Monday R&D Fail
The joy of R&D is that moment when everything comes together and there’s a shiny bit of goodness in front of you, gleaming with potential. This is not one of those stories.
One of my research goals is to ‘close the loop’ on a few of the MakerBot subsystems. This is tech-speak for adding feedback systems so that you can know if your motors (or whatever) are doing what you tell them to do. In particular, I want to close the loop on the XYZ motors so that we know the exact position of the bot at all times.
My first crack at this is based on a cool chip by Austria Microsystems called the AS5304/AS5306. These tiny little chips are magnetic linear encoders (measures movement on a line). I’ve used the Austria Microsystems chips before and they’re really nice. In particular our magnetic rotary encoder board (measures rotation) uses the AS5040. The linear encoder chip has some really nice specs: resolution down to 15microns (0.015mm or about 1600DPI) As you can see, this chip would be a really nice addition to our MakerBot arsenal. What that means is that you put down a strip of adhesive backed magnet and then run this chip over it. It will tell you your exact position over the strip down to 15 microns. Hawt.

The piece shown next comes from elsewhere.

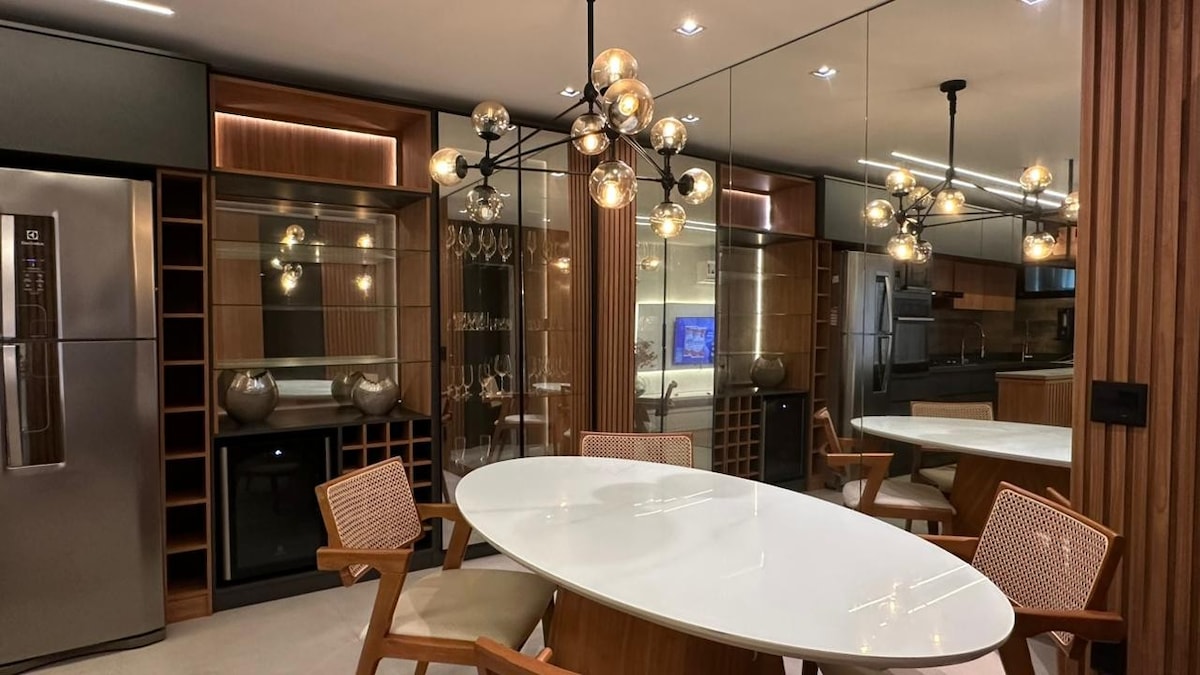 Sala,2 Quartos,(Ocup.04 pessoas com possibilidade de 05 em Colchão Extra) ,Ar Split em todos comôdos ,Cozinha equipada.Wifi Alta Velocidade- Smart TV 55" com acesso a Canais a cabo.Acesso (senha dos hóspedes)Net Flix, Globoplay,etc. Lavadora e Secadora Roupas disponível. Berço, cadeirinha alimentação e Pratinhos para bebes. Telas de Proteção em todas Janelas. Pet Friendly (Pequenos animais - Max 12 Kg) Temos cumbuquinhas de água e ração.

So, I modified the rotary encoder design for this new chip, including creating a new part in Eagle. I looked over the datasheet and everything looked good. I placed the components, then slept on it. I routed it, then slept on it again. I saw a few flaws and re-placed and re-routed it and then pronounced it ‘good’. I sent it off to the fab and moved onto the next board. Well, unfortunately I made some mistakes. First, the AS5040 chip which I copied for the footprint is wider than this chip, even though they have the same pin spacing. CRAP! The pads dont line up. The chip definitely still shows great promise, so I’m going to fix this mistake and send it off to the fab soon.
Moral of the story: always print your design and test the footprints against the real chip. I usually do this, but I was in Portugal at the time and wanted to have a bunch of goodies when I came back. Guess I learned my lesson.
Oh, and if you’re interested in this design… we always do our dev out in the open and this one is located in subversion.
Wade
November 10th, 2009 at 10:58 pm #
Neat! Closed loop is great – I’ve been running your rotary encoders since day 2 – day 1 I tried to run my lumpy DC extruder open loop, with predictably bad results. The magnetic encoder should be fairly immune to the PLA dust that slowly builds up on my machine too, unlike an optical solution.
Charles Edward Pax
November 11th, 2009 at 8:29 pm #
NYC Resistor is now a place where you can do this prototyping. The printer we brought in is great and the board-making process works. I had to put a scaling factor in Eagle, so the prints come out the size they should. Always make measurements to ensure your print is the correct size. Grab me and I’ll walk you through the photoresist process.
And I’d be happy to take any boards you want to donate to my students for solder practice.
Oleksiy Pikalo
November 23rd, 2009 at 2:11 pm #
What is the production cost of the magnetic strips? Other than dust issues is there a good reason to use magnetic vs optical?